What are the benefits of Open Data?

Next came a quick question from Danny: “What are the benefits of Open Data”? followed by an immediate riposte from Rafael: “What aren’t the benefits of Open Data?”. Rafael explained that open data led to transparency in research, re-usability of data, benchmarking, integration, new discoveries and, most importantly, sharing data kept it alive. If data was not shared and instead simply kept on the computer’s hard drive, no one would remember it months after the initial publication. Sharing is the only way in which data can be used, cited, and built upon years after the publication. Frances added that research data originating from publicly funded research was funded by tax payers. Therefore, the value of research data should be maximised. Data sharing is important for research integrity and reproducibility and for ensuring better quality of science. Sarah said that the biggest benefit of sharing data was the wealth of re-uses of research data, which often could not be imagined at the time of creation.

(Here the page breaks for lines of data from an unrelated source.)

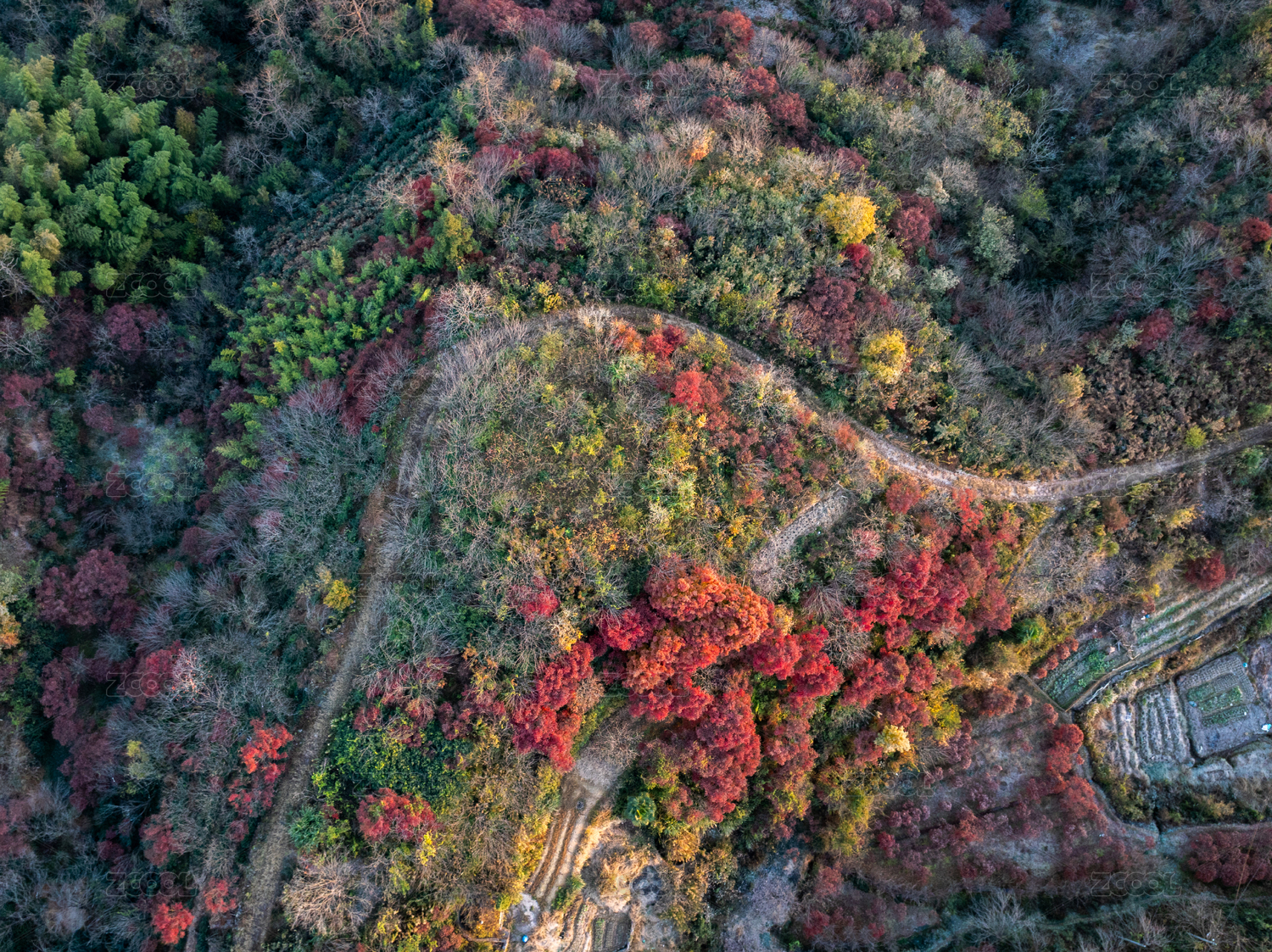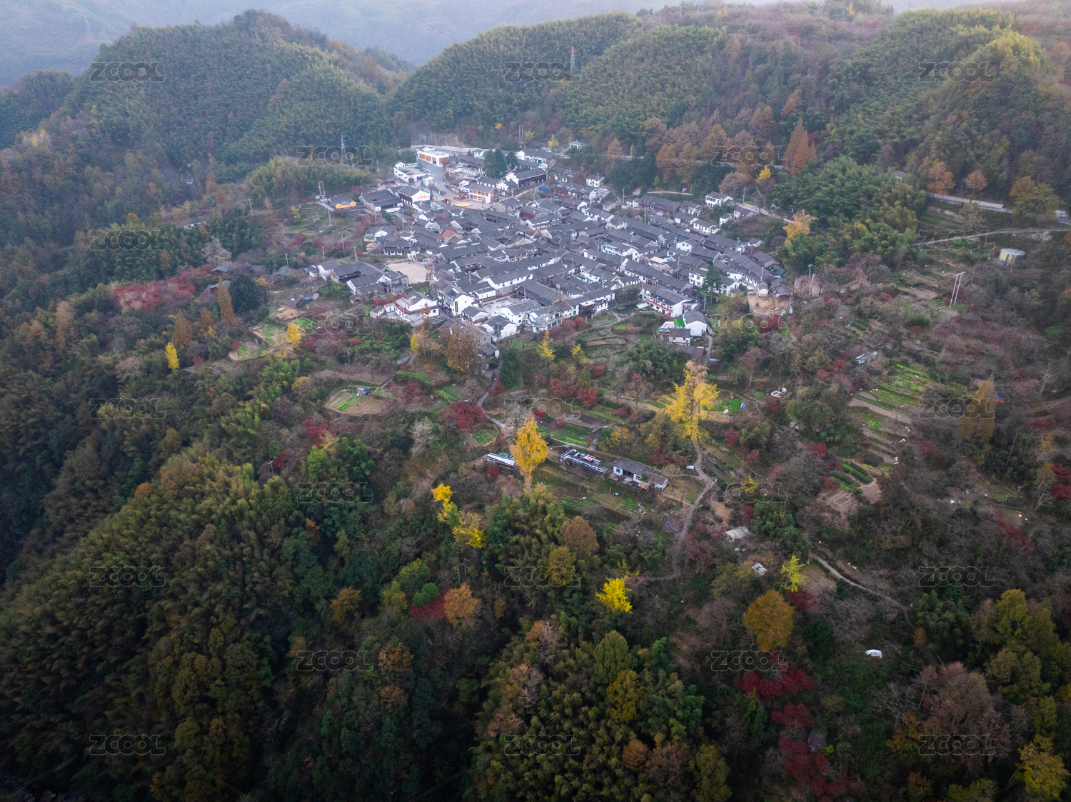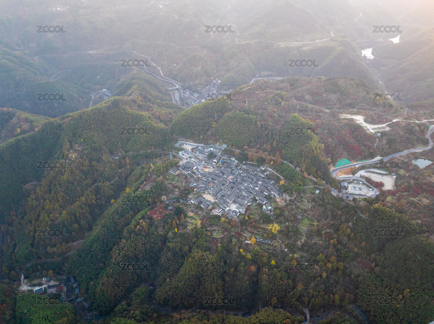 浙江宁波四明山丹山赤水柿林村秋季航拍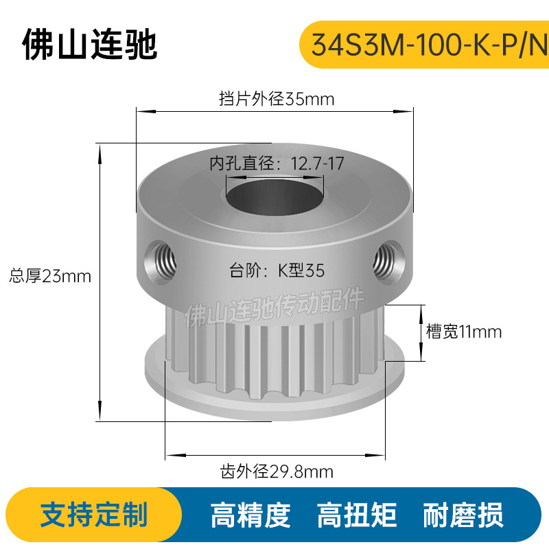 S3M 34 Teeth Timing Pulley with Flange 11 Groove Width BF Aluminum Pulley for CNC Applications 34S3M100-B-P/N12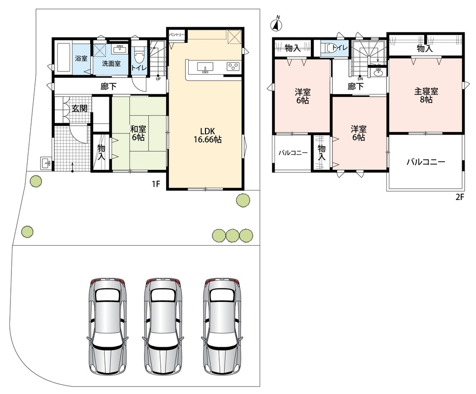 - ※完成予想図やCG合成画像は、門塀・植栽・庭・外観等、実際とは多少異なる場合があります。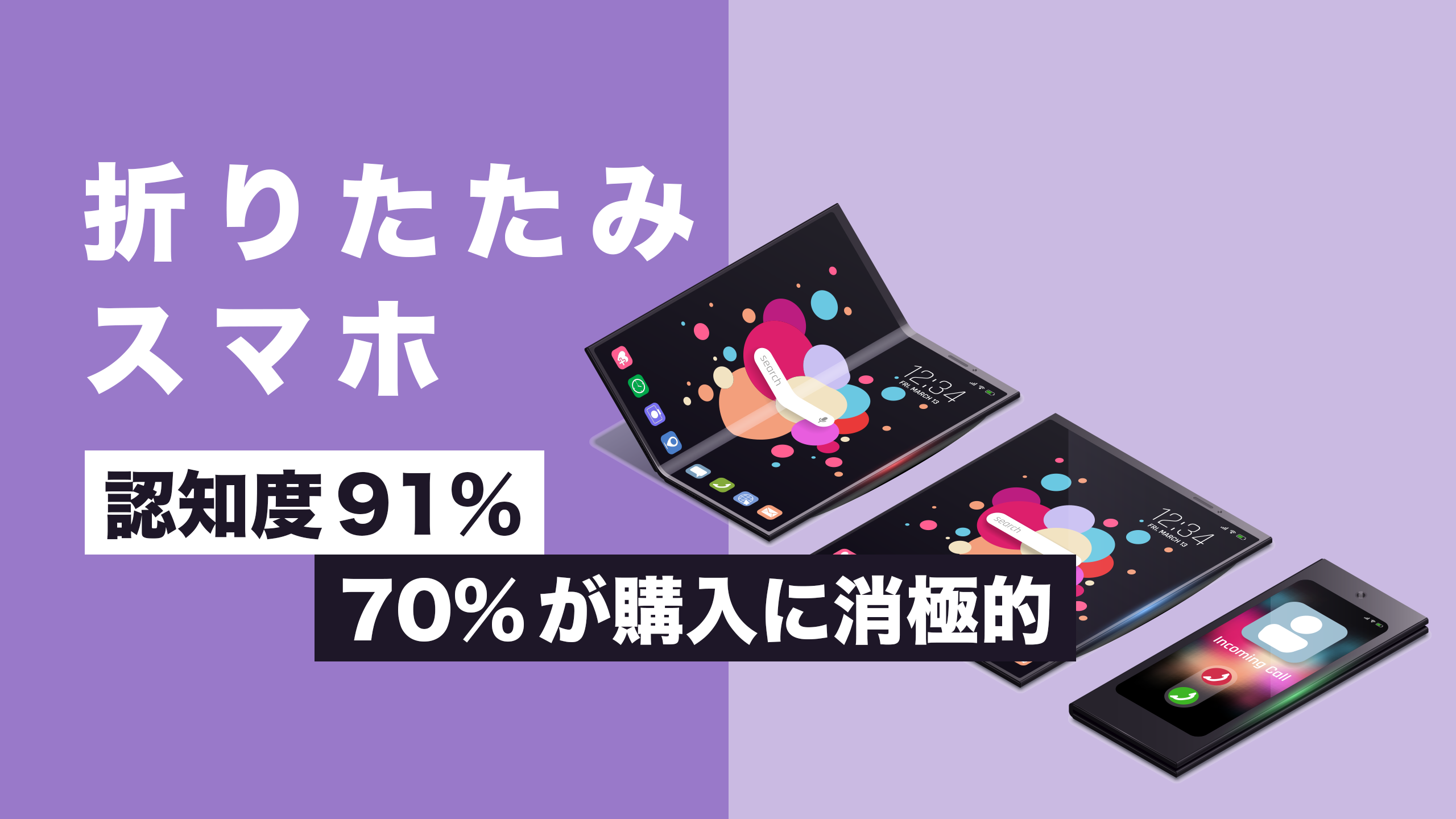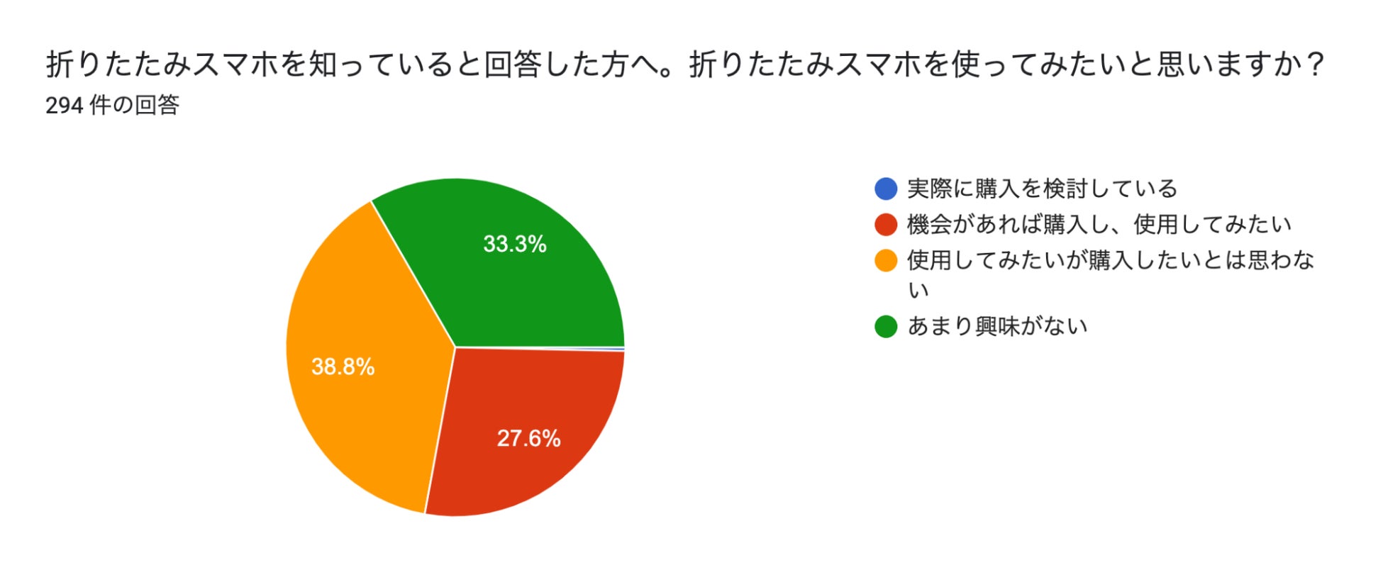 特に、まだ折りたたみスマホを持っていない人に「購入したい」と答える人がほとんどいないという結果も顕著でした。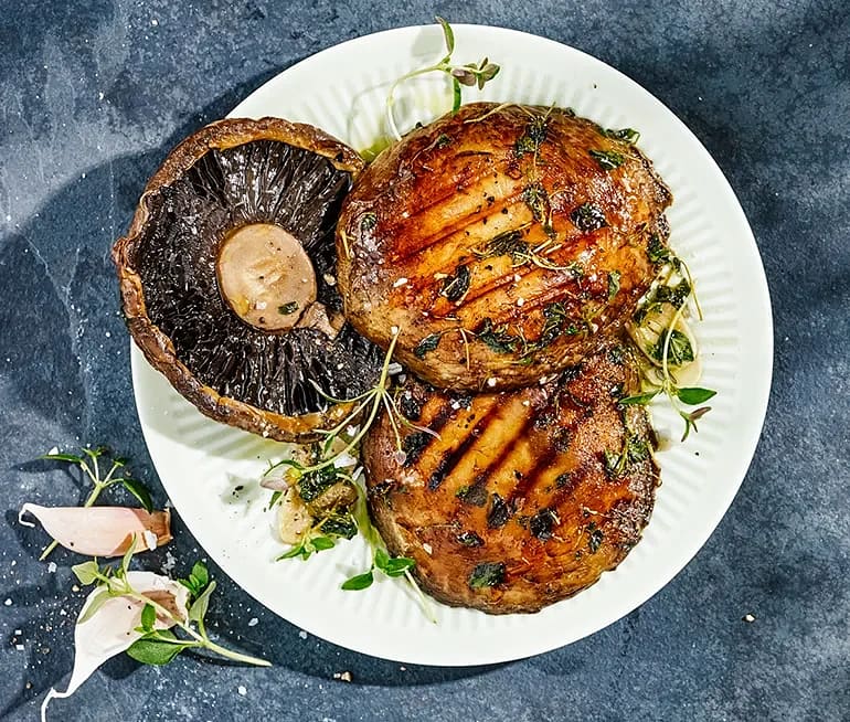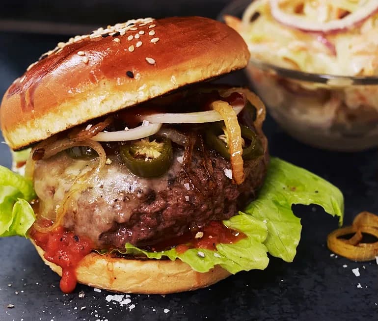 Maffig portabelloburgare med gruyèreost och karamelliserad lök

Finally, Tim concluded that sharing of research is what made the wheels of science turn. He inspired further discussions by strong statements: “Sharing is not an if, it is a must – science is about sharing, science is about collectively coming to truths that you can then build on. If you don’t share enough information so that people can validate and build up on your findings, then it basically isn’t science – it’s just beliefs and opinions.”

Tim also stressed that if open science became institutionalised, and mandated through policies and rules, it would take a very long time before individual researchers would fully embrace it and start sharing their research as the default position.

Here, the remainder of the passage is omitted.